Just an aside: the difficulty in doing research is that you discover so many interesting things but in academic research, you have to make sure you stay within certain theoretical frameworks. As you can imagine, there are just so many theories out there and to follow an argument through it has to be coherent. As a theorist yourself you can’t go flipping from one model to another, even though, in truth, this is exactly what I do because it is natural, and I believe, manifests a wholistic view of existence.

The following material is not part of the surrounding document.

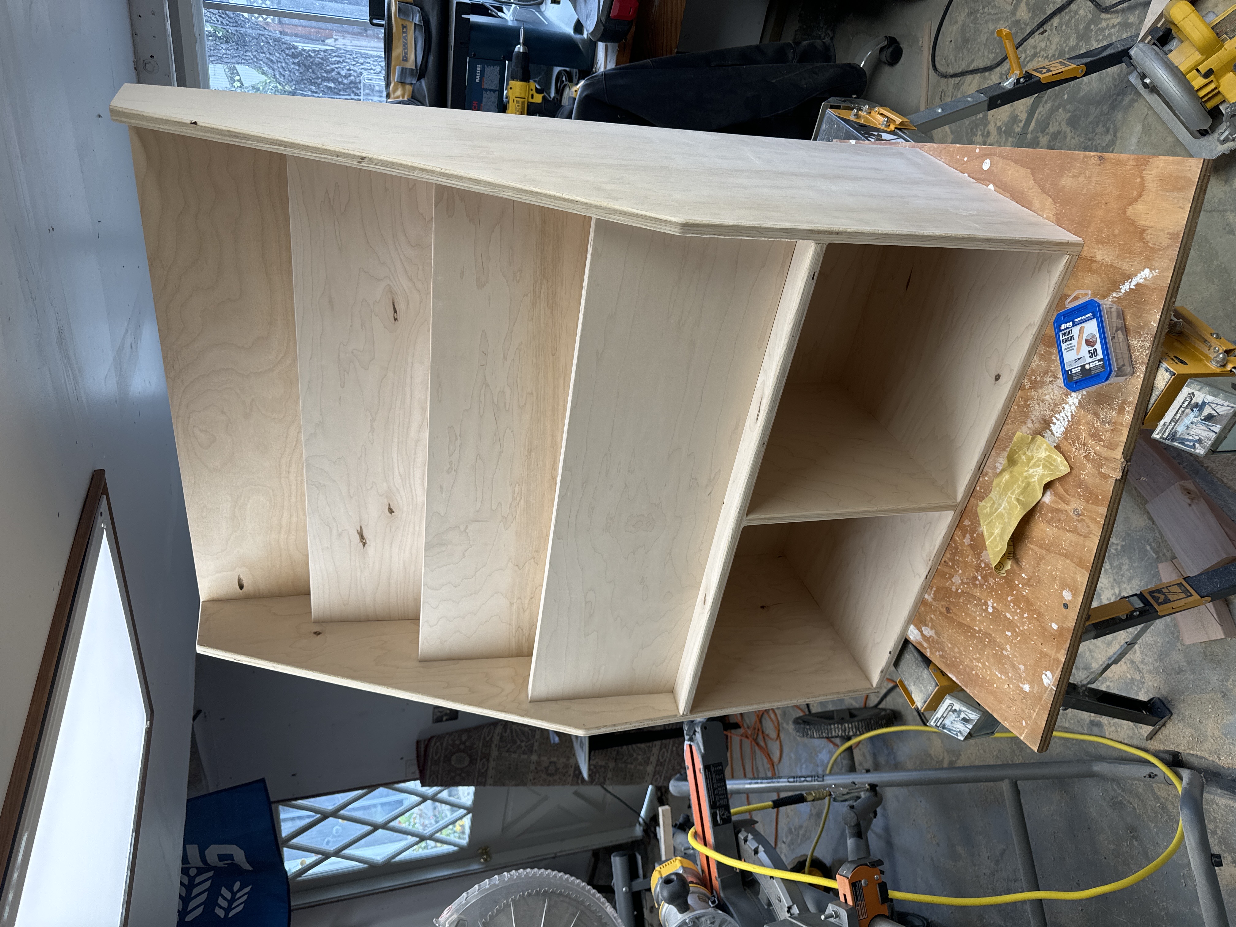 This is a bookcase I made for my son to hold his books in a way he could both see them and get them easily. This is all made from plywood and (gasp) pocket holes. I tried to make the cubbies at the bottom the same size as the IKEA Kallax ones but missed the mark. They still hold things well, though!

Anyway, Corbin is (among other things) an interpreter of ancient Persian and Arabic texts and it is difficult to really grasp that his work belongs within the Western esoteric tradition. In this case Corbin is discussing the ‘visionary tales’ of ‘spiritual initiation’ composed by a young twelfth century writer called Sohravardi. I won’t go into detail about the lengthy journey, suffice to say that it begins in the desert and ends on the Green Island, after which the initiate returns to his ‘normal life’. On this island ‘a mountain rises in the center….like Mont-Salvat, the inviolable Green Island’ which Corbin says is the place where ‘followers approach the mystical pole of the world, the Hidden Imam…’


From my understanding this is yet another tale of a journey to the Self, in this case ‘the twelfth man’, the ‘Hidden Imam’. The implication in the tale, and one that struck me quite markedly when I awoke, is that although there is a convoluted journey, one is already there, though there are ‘papers’ and study, these things are ultimately irrelavent. Imam then is the ‘ekstasis itself’ in this case of Islamic consciousness, and ‘one who is not in the same spiritual state cannot see him’ (the Imam).


Western psychologists might interpret my dream quite differently, the male nobleman as an animus/father figure and so on, but as always I trust the images, their context and the way in which they present within my own psyche. I didn’t meet the Imam, but maybe now have some confirmation that he exists. I haven’t been to the ‘green island’ either - but it is reassuring to think that it may be floating around somewhere in the 'white sea' of my imaginal consciousness.


Image: A small old oil painting of mine called A Land Unknown.